*Records to process*:
* * * * * * * * *

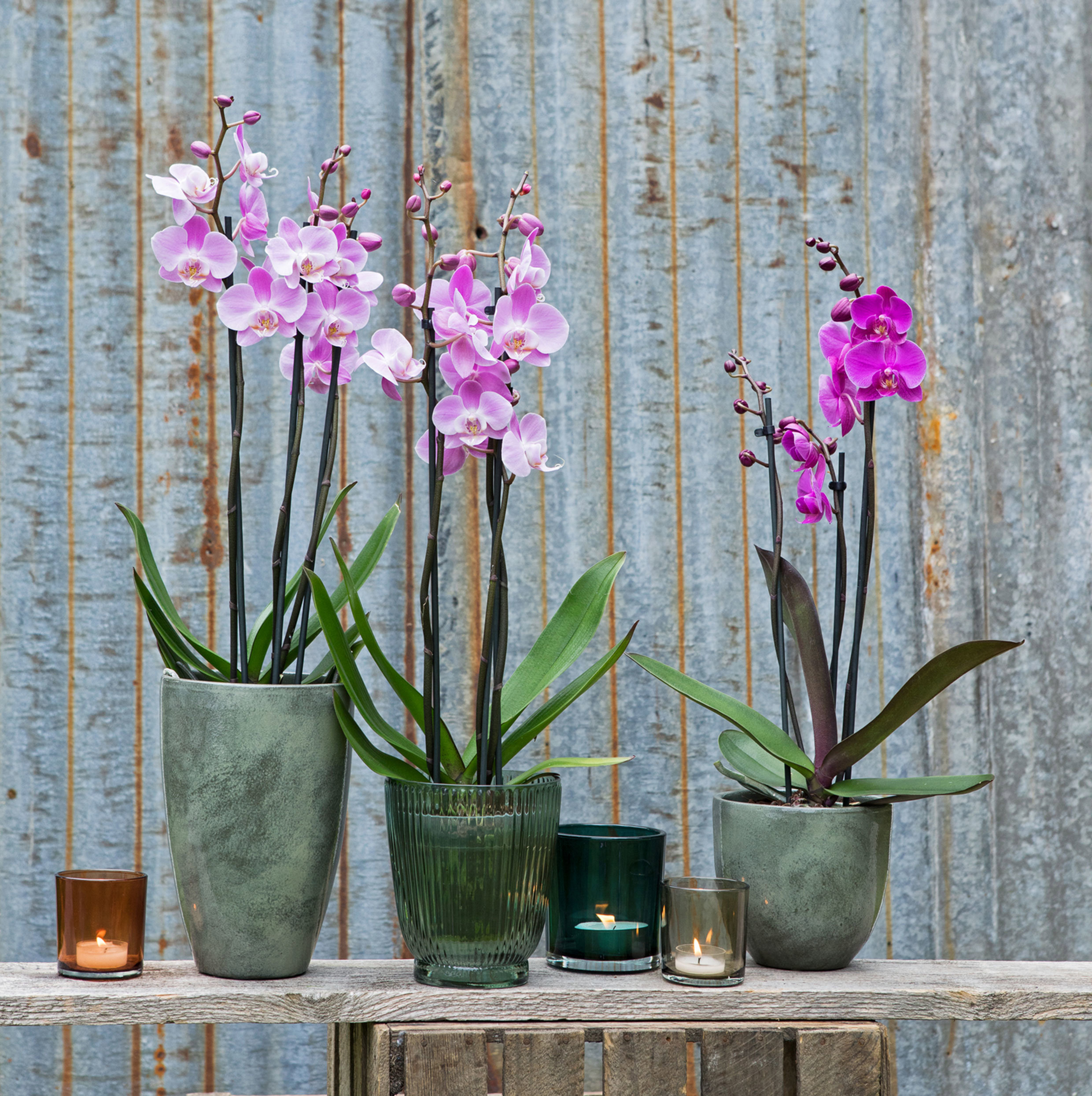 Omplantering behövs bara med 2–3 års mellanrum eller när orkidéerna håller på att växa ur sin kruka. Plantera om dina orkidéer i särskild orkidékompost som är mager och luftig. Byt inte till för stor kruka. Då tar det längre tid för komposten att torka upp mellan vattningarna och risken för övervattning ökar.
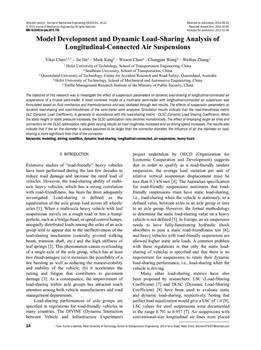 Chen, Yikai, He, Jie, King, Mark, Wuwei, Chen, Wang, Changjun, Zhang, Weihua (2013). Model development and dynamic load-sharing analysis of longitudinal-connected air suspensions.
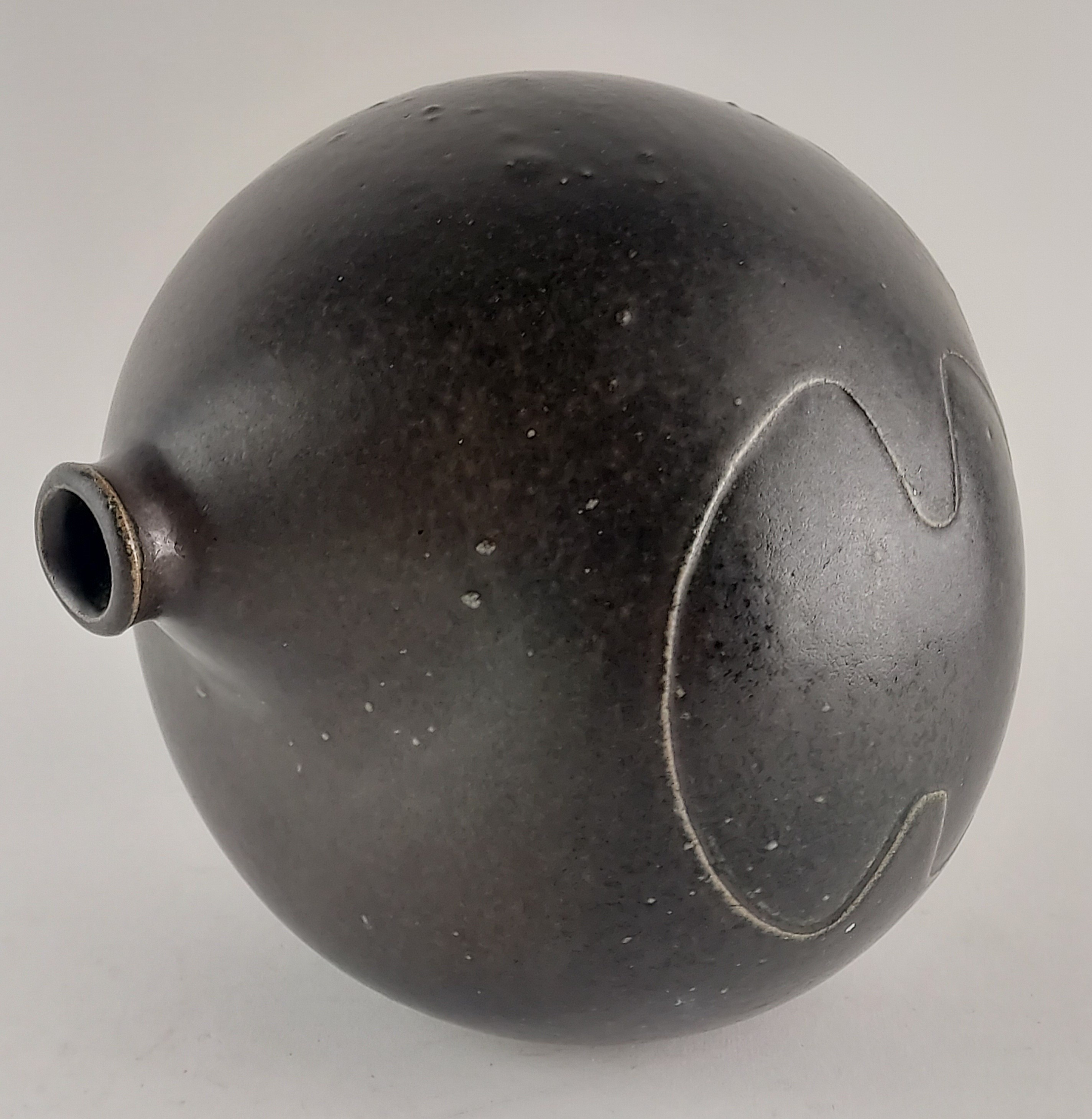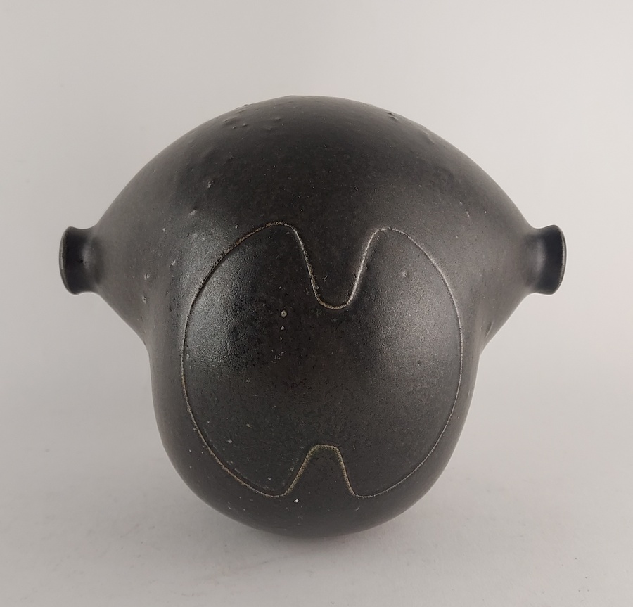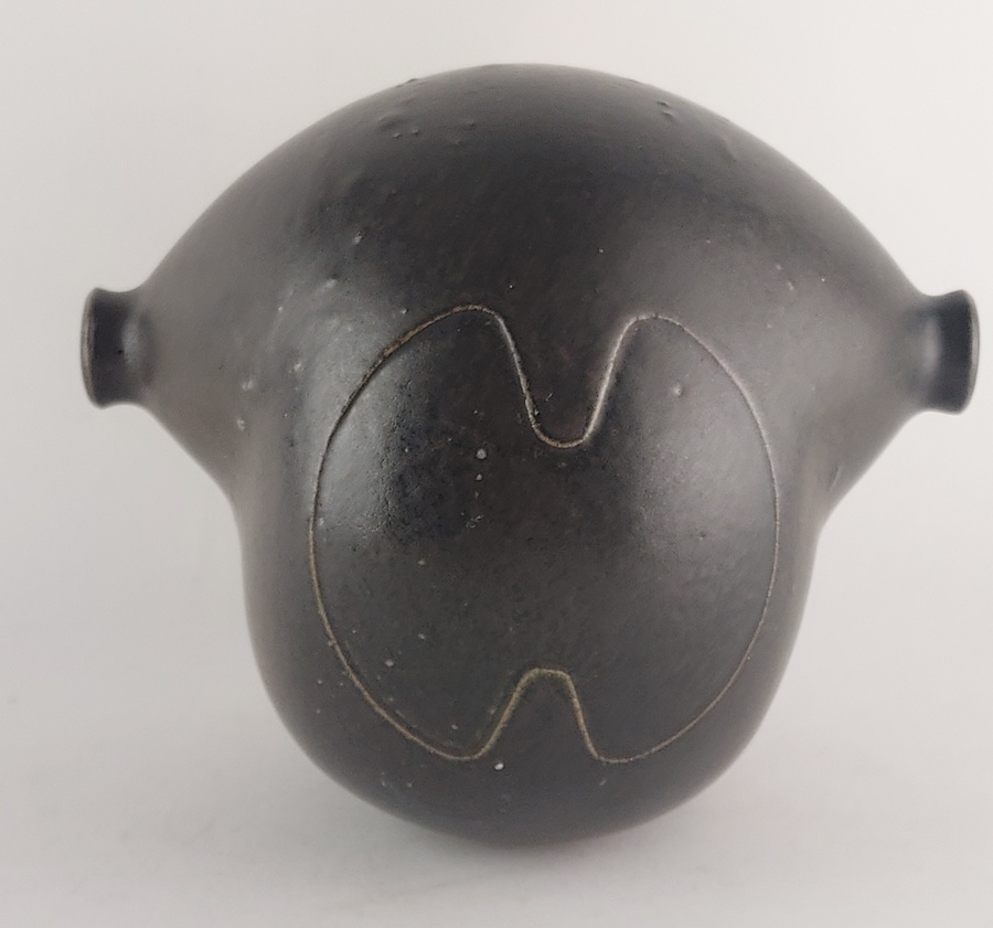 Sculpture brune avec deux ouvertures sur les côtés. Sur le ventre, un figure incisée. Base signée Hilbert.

* * * * * * * * *

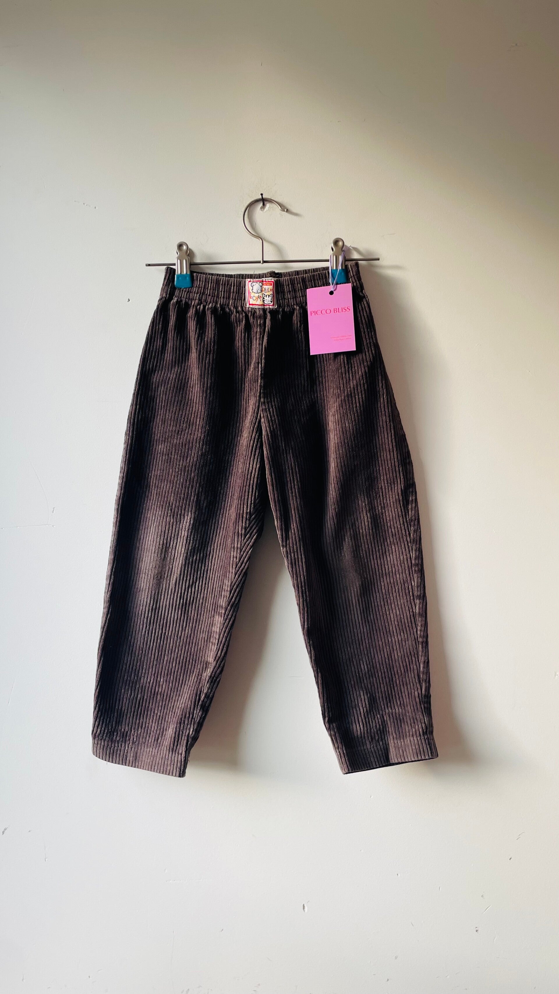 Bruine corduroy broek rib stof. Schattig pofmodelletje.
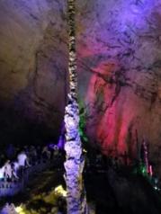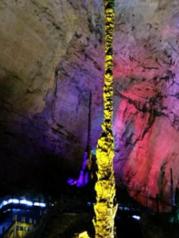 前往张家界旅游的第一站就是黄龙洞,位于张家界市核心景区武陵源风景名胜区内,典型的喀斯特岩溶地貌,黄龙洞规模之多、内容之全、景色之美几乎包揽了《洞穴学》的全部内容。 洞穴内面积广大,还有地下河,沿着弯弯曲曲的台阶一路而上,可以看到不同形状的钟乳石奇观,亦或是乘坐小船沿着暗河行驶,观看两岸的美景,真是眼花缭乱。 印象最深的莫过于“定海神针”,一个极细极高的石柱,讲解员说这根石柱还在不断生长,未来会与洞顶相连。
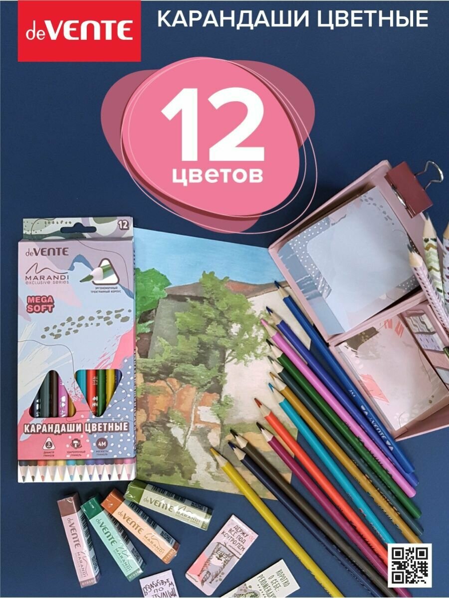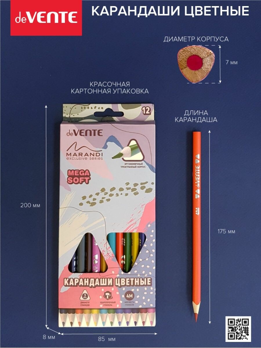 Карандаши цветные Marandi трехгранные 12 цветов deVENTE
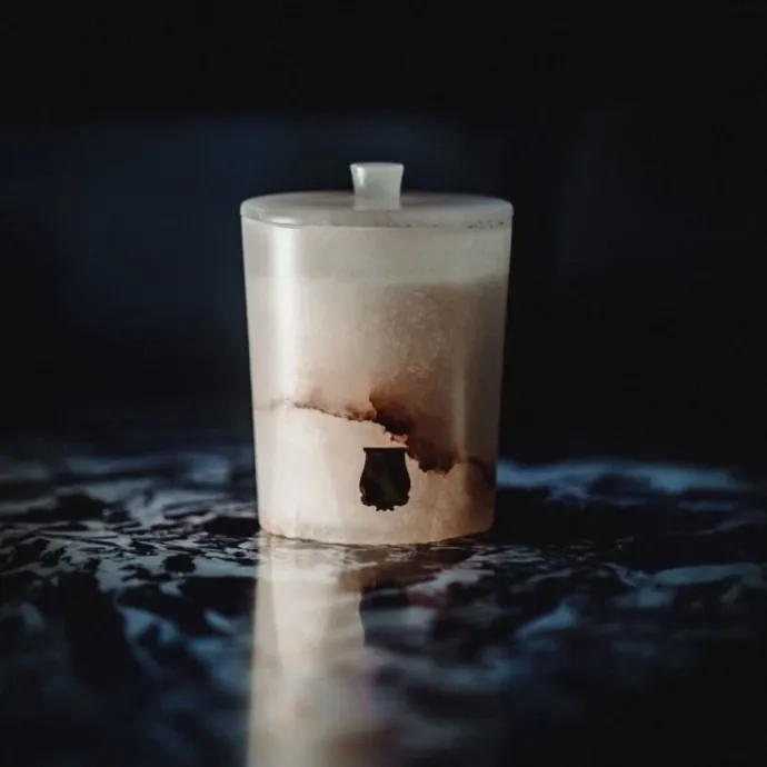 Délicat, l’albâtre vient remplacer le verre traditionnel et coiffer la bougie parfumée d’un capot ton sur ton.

* * * * * * * * *

*Task*:
Each line between the one holding "Bruine corduroy broek" and the one holding "Délicat, l’albâtre vient", inclusive, should be copied exactly as it appears above, and pictures should be omitted.

*Answer box*:
 Bruine corduroy broek rib stof. Schattig pofmodelletje.
 前往张家界旅游的第一站就是黄龙洞,位于张家界市核心景区武陵源风景名胜区内,典型的喀斯特岩溶地貌,黄龙洞规模之多、内容之全、景色之美几乎包揽了《洞穴学》的全部内容。 洞穴内面积广大,还有地下河,沿着弯弯曲曲的台阶一路而上,可以看到不同形状的钟乳石奇观,亦或是乘坐小船沿着暗河行驶,观看两岸的美景,真是眼花缭乱。 印象最深的莫过于“定海神针”,一个极细极高的石柱,讲解员说这根石柱还在不断生长,未来会与洞顶相连。
 Карандаши цветные Marandi трехгранные 12 цветов deVENTE
 Délicat, l’albâtre vient remplacer le verre traditionnel et coiffer la bougie parfumée d’un capot ton sur ton.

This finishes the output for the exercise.